Indian Journal of Dermatology | 2016
Joyeeta Chowdhury; Pijush Kanti Datta; Satyendra Nath Chowdhury; Nilay Kanti Das
Background: Pemphigus is a group of chronic autoimmune vesico-bullous disorders in which the epidermis and the basement membrane zone are the focus of attack resulting in cutaneous and mucosal blister formation. Direct immunofluorescence (DIF) test is a very sensitive test for the diagnosis Aim: To study the clinico histopathological patterns of pemphigus in eastern India. The study also aims to correlate DIF with clinical and histologic findings as well as severity of skin involvement [scoring systems]. Materials and Methods: Total 41 patients were studied over a period of 1 year in the Post-graduate centre of Dermatology in Eastern India. DIF, histopathology and clinical data were correlated. Results: In our study Pemphigus vulgaris (PV) was the predominant type with 32 cases followed by 8 cases of pemphigus foliaceus (PF) and a single case of IgA pemphigus.
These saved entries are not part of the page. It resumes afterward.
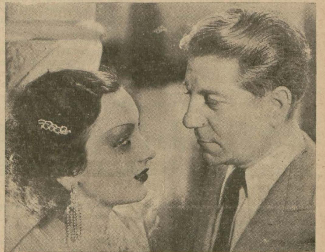
Jean Gabin ve Mireille Ballin Cezair batakhaneleri filminde

Bu hafta İpek sinemasında «Cezair batakhaneleri» isminde güzel bir film gösterilmektedir.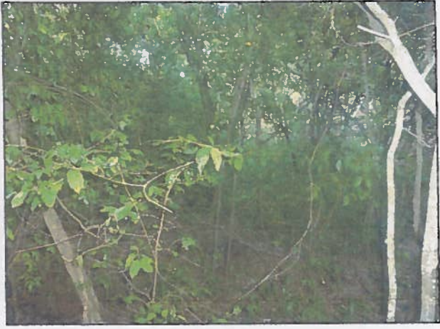
Aspect intérieur du boisement partie centrale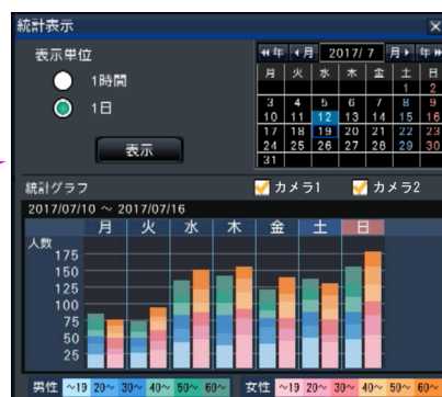
画面イメージ：統計データグラフ表示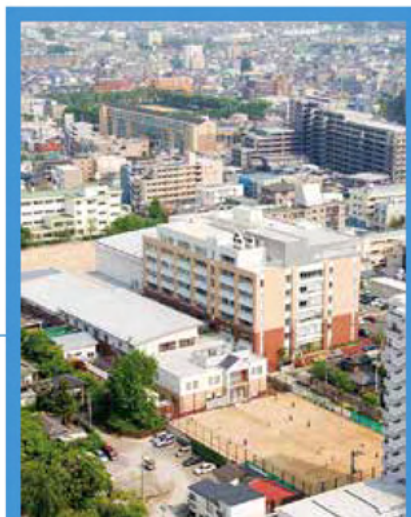
宮城県仙台二華中学校・高等学校

JR 『JR仙台駅』から徒歩15分 バス 『五橋駅』または、『五橋一丁目』から徒歩7分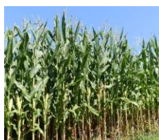
◆飼料用とうもろこし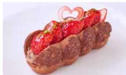
「フルーツパトッシュー フリーズショコラ」 ¥734 (クレーム デ ラ クレーム)

※2名様用(ドリンク付)、前日までに要予約。 苺、オレンジ、キウイ、ブルーベリー、マンゴー、フランボワーズの6種類。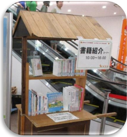
▲認知症に関する「書籍紹介コーナー」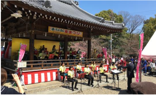
地元高校生によるエネルギッシュな吹奏楽演奏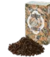
Amande vanille ㊦ アマンド バニージュ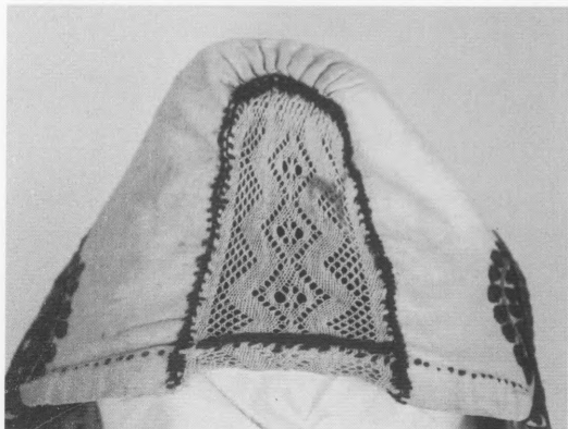
Slika 3. Detalj poculice: halovec izveden tehnikom jalbe. Foto: V. B. Vučković, 2003.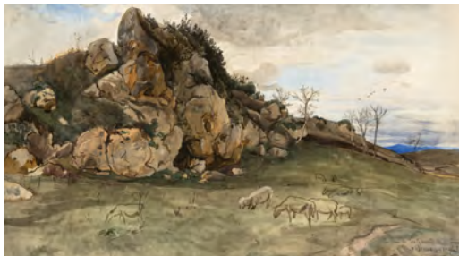
4.) Felspartie an der Molle-Brücke, 1867, S. 100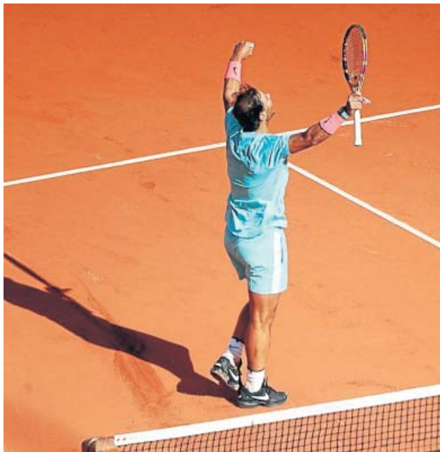
Nadal celebra la victoria en octavos del Garros ante Korda.

El balear arrasó al estadounidense Korda en dos horas, en un partido con mucho viento y frío en Roland Garros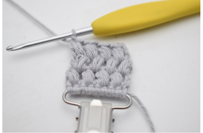
18. Gentag til du har 3 rækker med puf masker med fv. A.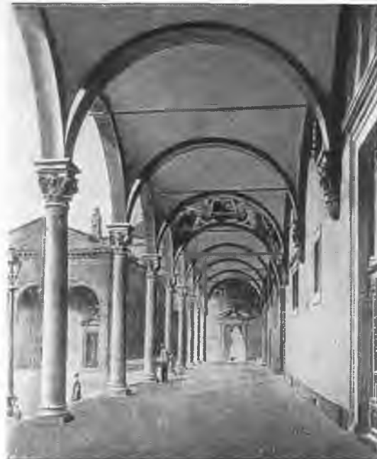
Воспитательный дом во Флоренции.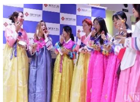
韓國首爾女子大學交換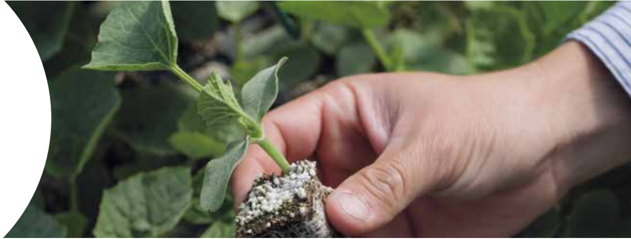
Сфинкс RZ F1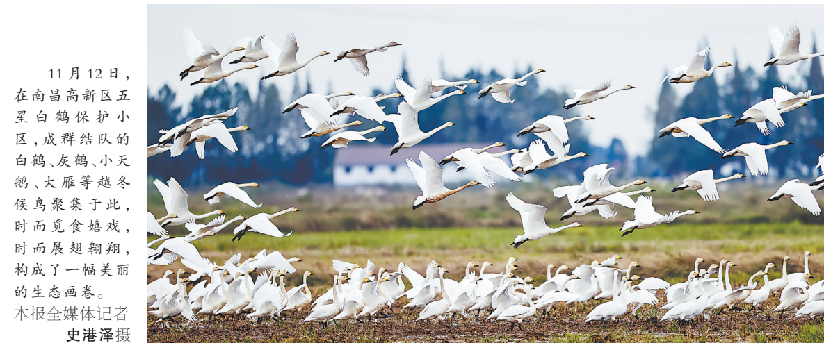
11月12日,在南昌高新区五星白鹤保护区,成群结队的白鹤、灰鹤、小天鹅、大雁等越冬候鸟聚集于此,时而觅食嬉戏,时而展翅翱翔,构成了一幅美丽的生态画卷。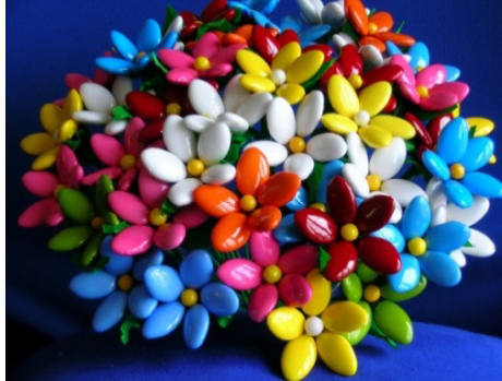
Fiori realizzati con i confetti di Sulmona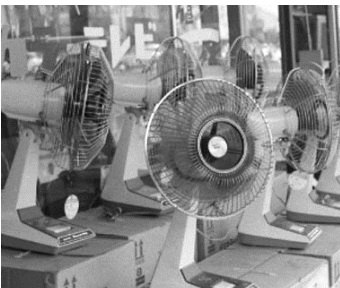
▲夏を呼ぶ(風鈴、扇風機) 昭和42年6月5日 63057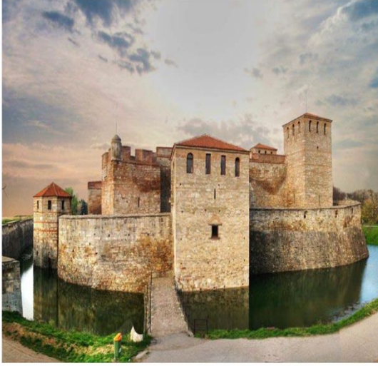
Vidin Kalesi Bulgaristan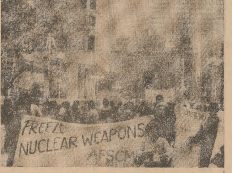
Locuitorii din Philadelphia, ca și din alte orașe ale S.U.A., au cerut guvernului, în cadrul unor demonstrații, „închetearea” armamentului atomic și adoptarea unor măsuri eficiente pentru a pune capăt cursei înarmării.

OTTAWA 13 (Agerpres). — Adunarea Legislativă a provinciei canadiene Manitoba a proclamat în unanimitate acest teritoriu zonă liberă de armă nucleară.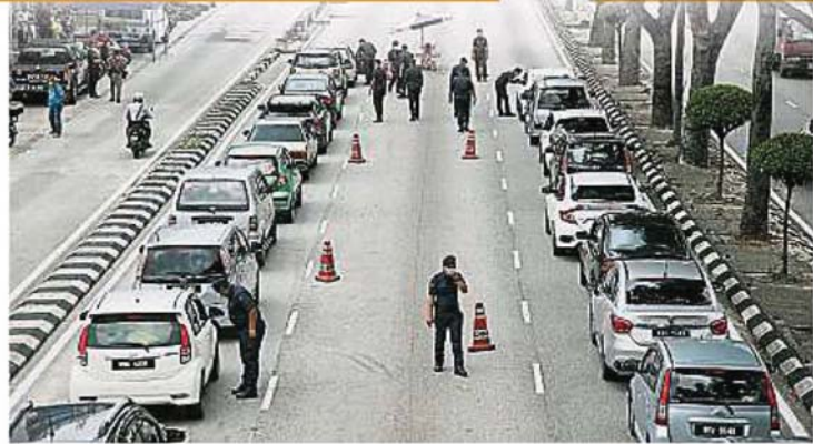
警方在敦李孝式路设路障, 检查来往车辆, 并劝告民众不要随意外出。

“警方目前仍以劝告方式, 提醒民众留在家中防疫, 但若民众随意外出的情况持续, 警方将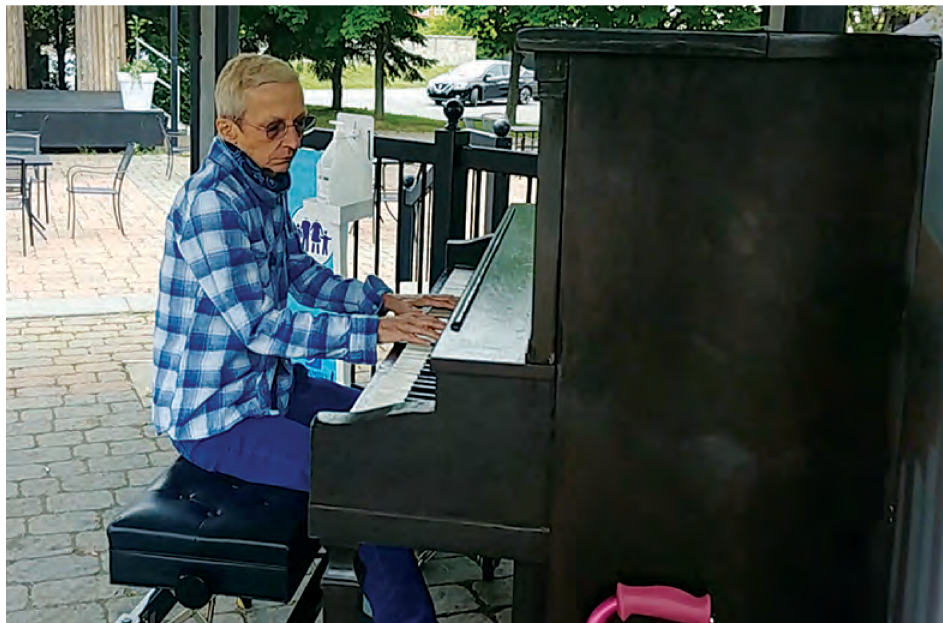
Saint-Basile-le-Grand et Chambly font partie des rares municipalités à poursuivre la tradition des pianos publics cet été.

« En conformité avec le principe d'accessibilité énoncé à sa politique culturelle, la Municipalité invite les Grandbasilloises et Grandbasillois à profiter d'un piano public en plein air, installé à la halte du village. » - Ville de Saint-Basile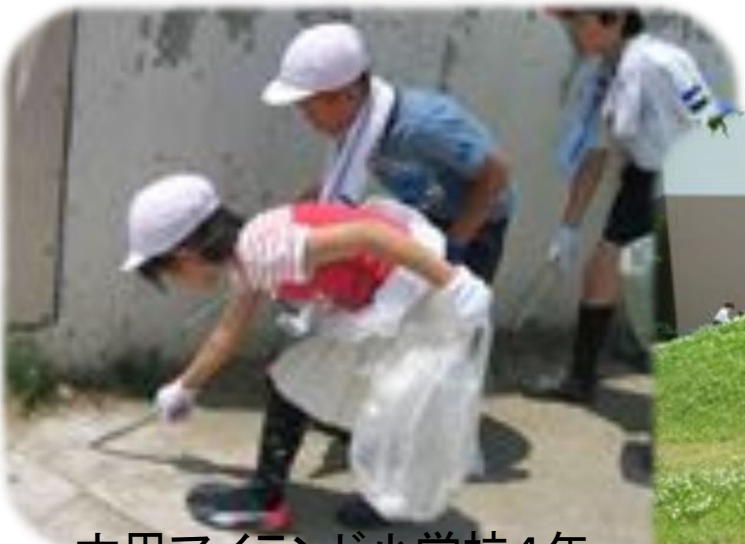
六甲アイランド小学校4年 のクリーン作戦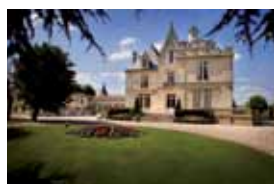
Château Pape Clément Les événements spéciaux Colloques & Rencontres

- À l' Hôtel Labottière , hôtel particulier du XVIII e siècle au cœur de Bordeaux, pour des expositions d'œuvres modernes et contemporaines, issues de collections publiques ou privées et des productions artistiques réalisées dans le cadre des résidences d'artistes de l'Institut Culturel.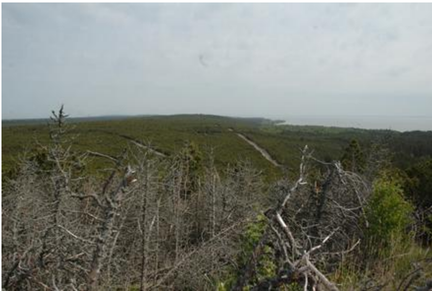
2008 metai, pavasaris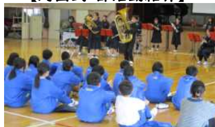
【対面式・部活動紹介】

Mean age at presentation was late middle age. Majority of the patients, 26 (63.41%) initially had cutaneous involvement followed by mucosal involvement. In this study group 36 (87.80%) patients showed acantholytic cells on histopathological examination. Most patients of PV showed suprabasal blister 20 (62.50%) followed by intraspinous 5 (15.62%) and subcorneal 5 (15.62%) blister. In majority 28 (87.50%) of the PV patients IgG and C3 antibodies were deposited throughout the epidermis. The strength of antibody positivity was strong in most of the patients (71.87%). In cases of PF mostly IgG 6 (75%) antibodies were deposited in the upper epidermis. DIF intensity had poor correlation with disease activity/severity except in PF. Conclusion: Almost 85.36% cases of pemphigus were diagnosed clinicopathologically. But 6 cases couldn’t be diagnosed accurately on clinicopathological basis and in them DIF was confirmatory. Two cases of pure mucosal PV and 1 case of IgA pemphigus was confirmed by DIF. Two cases of bullous pemphigoid clinico-histologically mimicking PV were also excluded by DIF. So it appears from our study that DIF is confirmatory for diagnosis of pemphigus in all cases.